## Your objective
Write out the data exactly, please, and omit the pictures.

Start of Source data

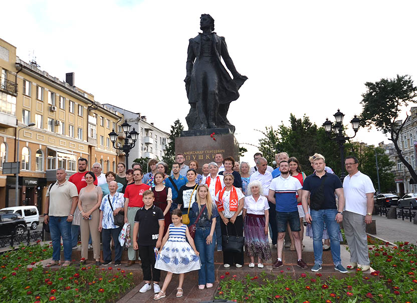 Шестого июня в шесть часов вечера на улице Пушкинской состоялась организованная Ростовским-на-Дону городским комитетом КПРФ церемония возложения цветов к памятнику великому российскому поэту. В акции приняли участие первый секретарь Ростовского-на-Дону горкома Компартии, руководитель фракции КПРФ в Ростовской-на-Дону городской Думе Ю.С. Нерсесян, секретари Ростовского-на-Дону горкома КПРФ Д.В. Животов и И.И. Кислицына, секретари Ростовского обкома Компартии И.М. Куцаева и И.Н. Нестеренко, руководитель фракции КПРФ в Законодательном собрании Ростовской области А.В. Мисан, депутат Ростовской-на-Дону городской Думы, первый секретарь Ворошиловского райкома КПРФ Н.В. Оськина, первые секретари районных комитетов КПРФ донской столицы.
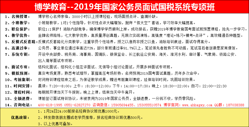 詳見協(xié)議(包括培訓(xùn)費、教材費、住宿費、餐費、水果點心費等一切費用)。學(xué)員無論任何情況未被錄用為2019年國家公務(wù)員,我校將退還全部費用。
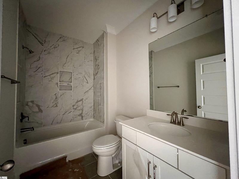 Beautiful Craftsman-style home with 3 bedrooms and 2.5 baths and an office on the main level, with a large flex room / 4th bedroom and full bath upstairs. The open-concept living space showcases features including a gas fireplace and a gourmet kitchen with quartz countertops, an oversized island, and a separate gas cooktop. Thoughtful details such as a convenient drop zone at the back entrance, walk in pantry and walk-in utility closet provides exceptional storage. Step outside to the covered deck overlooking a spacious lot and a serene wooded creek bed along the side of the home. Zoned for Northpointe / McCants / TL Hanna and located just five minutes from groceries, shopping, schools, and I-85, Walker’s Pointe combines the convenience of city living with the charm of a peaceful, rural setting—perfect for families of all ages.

End of Source data

## Result
 Шестого июня в шесть часов вечера на улице Пушкинской состоялась организованная Ростовским-на-Дону городским комитетом КПРФ церемония возложения цветов к памятнику великому российскому поэту. В акции приняли участие первый секретарь Ростовского-на-Дону горкома Компартии, руководитель фракции КПРФ в Ростовской-на-Дону городской Думе Ю.С. Нерсесян, секретари Ростовского-на-Дону горкома КПРФ Д.В. Животов и И.И. Кислицына, секретари Ростовского обкома Компартии И.М. Куцаева и И.Н. Нестеренко, руководитель фракции КПРФ в Законодательном собрании Ростовской области А.В. Мисан, депутат Ростовской-на-Дону городской Думы, первый секретарь Ворошиловского райкома КПРФ Н.В. Оськина, первые секретари районных комитетов КПРФ донской столицы.
 詳見協(xié)議(包括培訓(xùn)費、教材費、住宿費、餐費、水果點心費等一切費用)。學(xué)員無論任何情況未被錄用為2019年國家公務(wù)員,我校將退還全部費用。
 Beautiful Craftsman-style home with 3 bedrooms and 2.5 baths and an office on the main level, with a large flex room / 4th bedroom and full bath upstairs. The open-concept living space showcases features including a gas fireplace and a gourmet kitchen with quartz countertops, an oversized island, and a separate gas cooktop. Thoughtful details such as a convenient drop zone at the back entrance, walk in pantry and walk-in utility closet provides exceptional storage. Step outside to the covered deck overlooking a spacious lot and a serene wooded creek bed along the side of the home. Zoned for Northpointe / McCants / TL Hanna and located just five minutes from groceries, shopping, schools, and I-85, Walker’s Pointe combines the convenience of city living with the charm of a peaceful, rural setting—perfect for families of all ages.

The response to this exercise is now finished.